Do highly divergent loci reside in genomic regions affecting reproductive isolation? A test using next-generation sequence data in Timema stick insects
1 Department of Ecology and Evolutionary Biology, University of Colorado, Boulder, 80303, USA
2 Department of Botany, University of Wyoming, Laramie, WY, 82071, USA
3 Department of Biology, Notre Dame University, South Bend, IN, 11111, USA
BMC Evolutionary Biology 2012, 12:164 doi:10.1186/1471-2148-12-164Published: 31 August 2012
Genetic divergence during speciation with gene flow is heterogeneous across the genome, with some regions exhibiting stronger differentiation than others. Exceptionally differentiated regions are often assumed to experience reduced introgression, i.e., reduced flow of alleles from one population into another because such regions are affected by divergent selection or cause reproductive isolation. In contrast, the remainder of the genome can be homogenized by high introgression. Although many studies have documented variation across the genome in genetic differentiation, there are few tests of this hypothesis that explicitly quantify introgression. Here, we provide such a test using 38,304 SNPs in populations of Timema cristinae stick insects. We quantify whether loci that are highly divergent between geographically separated (‘allopatric’) populations exhibit unusual patterns of introgression in admixed populations. To the extent this is true, highly divergent loci between allopatric populations contribute to reproductive isolation in admixed populations.
As predicted, we find a substantial association between locus-specific divergence between allopatric populations and locus-specific introgression in admixed populations. However, many loci depart from this relationship, sometimes strongly so.

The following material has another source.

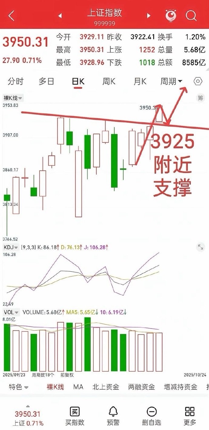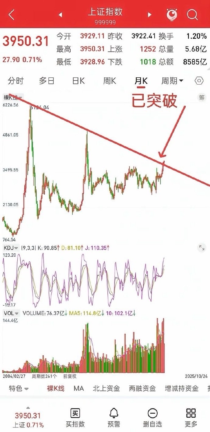 大盘今日也正式突破下降趋势线压力3925附近,下周有两种情况,加速拉升,或回踩3925支撑不破(压力变支撑),再拉升。

We also report evidence for selection against foreign alleles due to local adaptation.
Loci that are strongly differentiated between allopatric populations sometimes contribute to reproductive isolation in admixed populations. However, geographic variation in selection and local adaptation, in aspects of genetic architecture (such as organization of genes, recombination rate variation, number and effect size of variants contributing to adaptation, etc.), and in stochastic evolutionary processes such as drift can cause strong differentiation of loci that do not always contribute to reproductive isolation. The results have implications for the theory of ‘genomic islands of speciation’.